# Johnny Lightning X-Traction?



## super74 (Jul 15, 2006)

Hey Guys/Girls
I just purchased a lifelike nascar track for my 8yr old son.I haven't used,touched or seen a slot car track since I was his age.(i'm 33 now)I had a TCR slotless track with 2 vans and a dodge jammer truck, switching lanes was cool. Anywho my son wanted one of the Fast and The Furious Johnny Lightning cars I think they have the x-traction chassis. The car doesn't stay on the track very well at part throttle. It jumps the track to the next lane
The front pin is plastic and is smaller diameter than the lifelike,and is in a different place as well.Are there any mods I can perform to make this thing work? He is really "caught" up on the whole Fast and The Furious thing.
Thanks


----------



## dlw (Aug 17, 1999)

You can get a pair of polymer hop-up magnets to give better downforce.

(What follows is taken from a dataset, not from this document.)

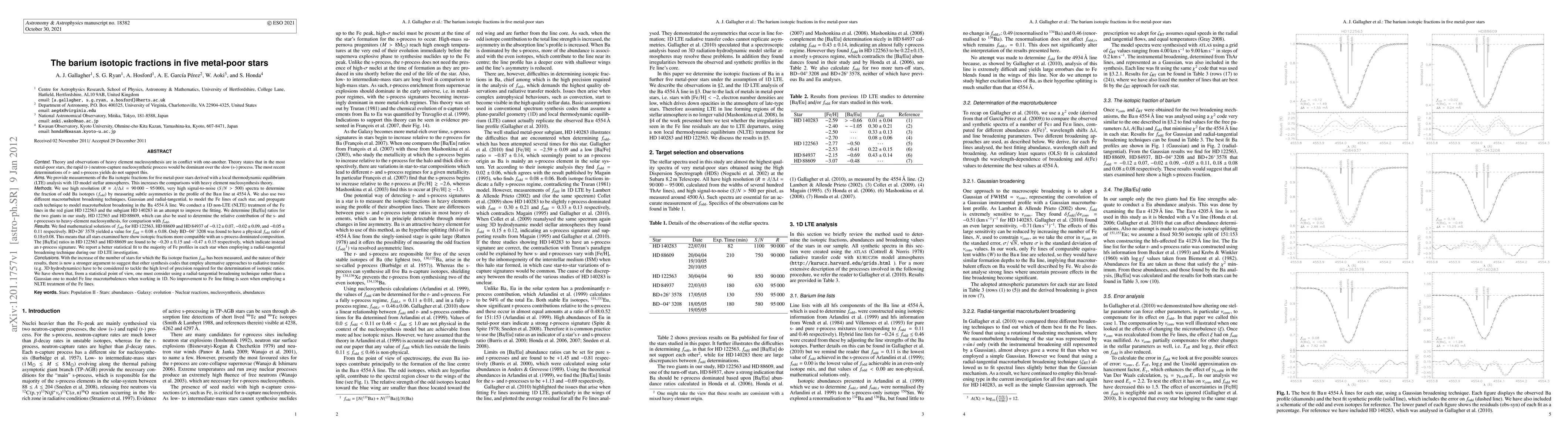 This study measures barium isotopic fractions in five metal-poor stars using high-resolution spectra and finds that the stars exhibit isotopic compositions consistent with an s-process dominated nucleosynthesis. The research also suggests that a radial-tangential broadening technique provides a better fit for modeling iron line macroturbulence compared to Gaussian broadening.
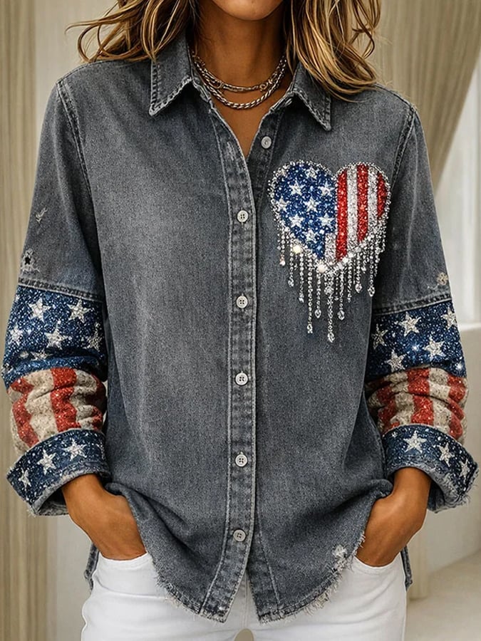 Women'S Casual American 250th Anniversary Commemorative Printed Shirt

These cars don't have strong magnets like your LL nastruck. These cars are an excellent teacher when it comes to respecting the curves. You have to slow down when approaching the turns.

If he's not that good at 'driving', you can substitute a Tomy chassis which has magnets like the LL cars.


----------



## ParkRNDL (Mar 20, 2002)

Here's a thought: How slow can you make the cars go when you just barely pull the trigger? I know many people have had problems running JL Thunderjet cars with Lifelike controllers, because they're kinda like on-off switches for certain types of cars. The resistors in the Lifelike controllers are something like 45 ohms, and the Thunderjets work best with controllers around 80-120 ohms. What that means is when you just barely touch the trigger, the Thunderjets are almost at full throttle. Now, I don't have any experience running X-Traction cars (as opposed to Thunderjets) with Lifelike controllers. I know they can work better with a lower ohm controller than the Thunderjets, but I don't know if the LL controllers are TOO low. Anybody else here have luck using the LL controllers with X-Tracs?

Question for Super74: Does your set have controllers that plug into the power track, or are they permanently wired to it? If they plug in, it's easy to substitute a set of Tyco/Mattel controllers which are more like 75 ohms and will give you a bigger range of control. The car will start out slower when you just barely pull the trigger, but top speed will be just as fast as with the other controllers. If the controllers are permanently wired, you can still use the Tyco/Mattel controllers, but you have to cut and splice the wires.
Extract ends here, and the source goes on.